**YOUR ASSIGNMENT**
Which lines run from the one containing "California Roots - From" through the last line of the records? Copy them exactly, leaving pictures out.

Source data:
=== Begin Enclosure ===

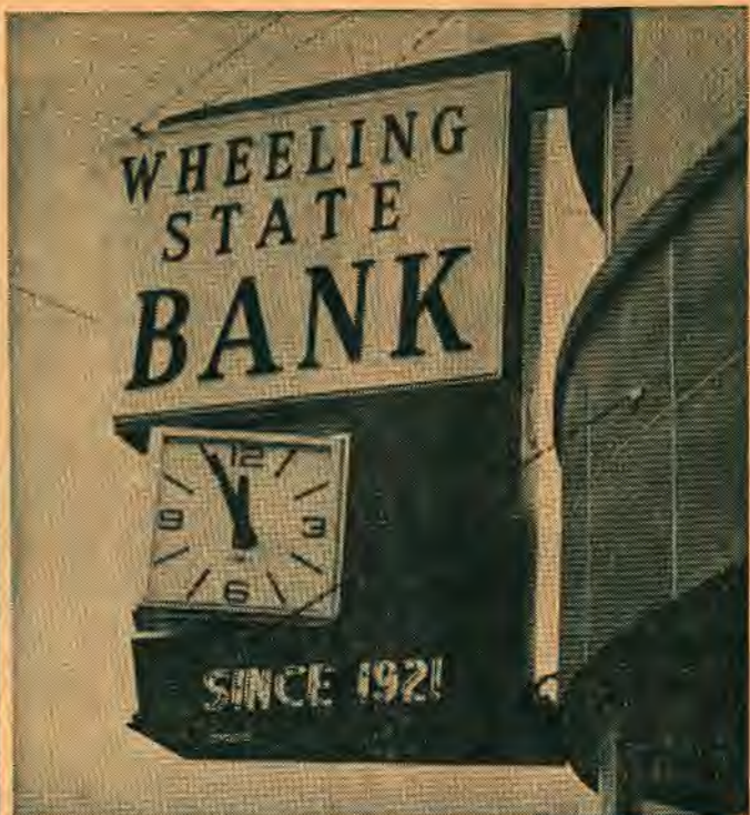
ROTATING BEACON , the new landmark of the bank catches the eye of motorists on the arterial intersection of Milwaukee ave. and Dundee rd. Installed last month, the sign is already a meeting place as "Meet you under the clock" becomes a popular phrase.

We offer our most sincere congratulations to the Wheeling State Bank
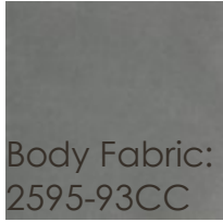
Body Fabric: 2595-93CC
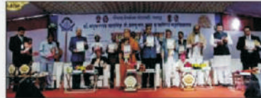
■ Release of Golden jubilee souvenir
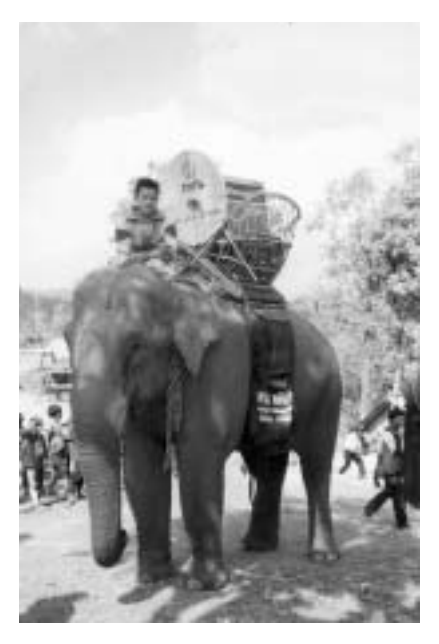
Elephant delivery in Thailand.

Elephants are used to carry information and educational ma-
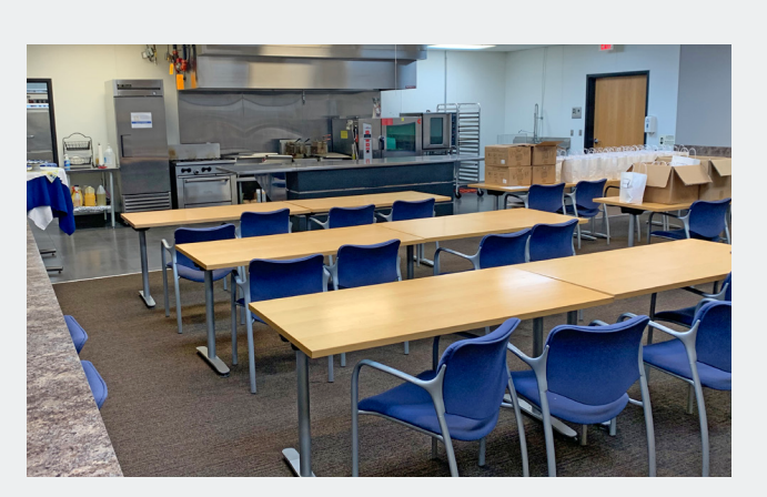
Kitchen / Classroom
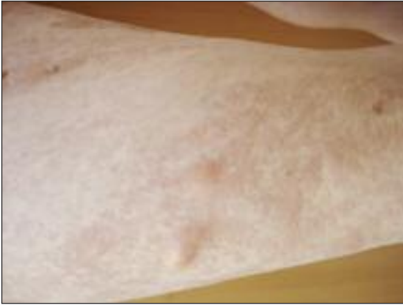
FIGURE 2: The yellowish nodule (fat herniation) on arm is seen.

erythematous and atrophic patches in a linear and swirl configuration following Blaschko's lines were detected (Figure 1,2). Moreover, soft, yellow nodules (localized herniations of subcutaneous fat) were detected on the bilateral upper and lower extremities and on the trunk. Telangiectases were more prominent on her face. The patient had an asymmetrical face. Examination of the hands nails revealed grooving. In addition to these findings, alopecia with an atrophic base on the vertex of the scalp was detected. (Figure 3). Our patient was not a product of consanguineous marriage and none of her family members had a similar disease. The histopathological examination of the skin biopsy revealed hypoplasia of dermis, a few adnexial structures and adipose tissue in upper dermis, which were consistent with the features of Goltz syndrome (Figure 4). The biopsy taken from the scalp showed fibrosis in entirely dermis. No adnexial structures were detected. (Figure 5). These histo-
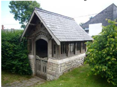
Lych Gate at Church of St. Michael and All Angels
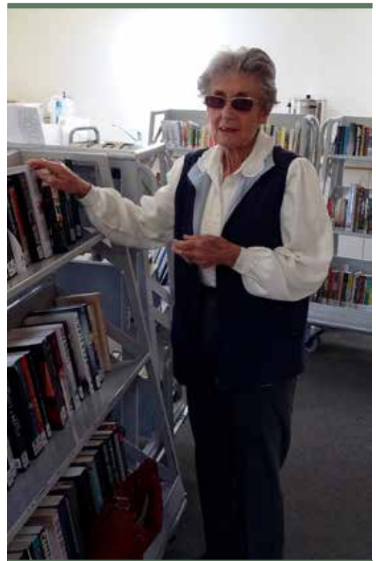
Topsy chooses her books at the Outreach Library

Exceptions apply during extreme weather conditions. Please check the Library's Facebook page or website for more details.
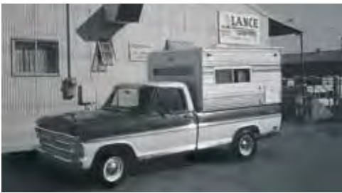
California Roots - From humble beginnings in North Hollywood, CA, in 1965 to our current home in Lancaster, CA, as a result of a fierce dedication towards building the highest quality RVs possible, understanding our customer's needs and insulated from the "me too" designs of our competitors, the Lance brand has become one of the most respected and sought-after brands in the industry.

Over 50 years of quality and industry-leading innovations have positioned the Lance brand as one of the most sought-after RVs on the road today. Respect is earned and not easily obtained in today's competitive marketplace.
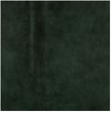
Leather Vintage Bottle Green Soft Anilina 1100424
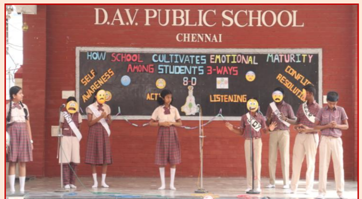
Inside Out at DAV – An Emotional Skit

=== End Enclosure ===

**EXPECTED OUTPUT**
California Roots - From humble beginnings in North Hollywood, CA, in 1965 to our current home in Lancaster, CA, as a result of a fierce dedication towards building the highest quality RVs possible, understanding our customer's needs and insulated from the "me too" designs of our competitors, the Lance brand has become one of the most respected and sought-after brands in the industry.

Over 50 years of quality and industry-leading innovations have positioned the Lance brand as one of the most sought-after RVs on the road today. Respect is earned and not easily obtained in today's competitive marketplace.
Leather Vintage Bottle Green Soft Anilina 1100424
Inside Out at DAV – An Emotional Skit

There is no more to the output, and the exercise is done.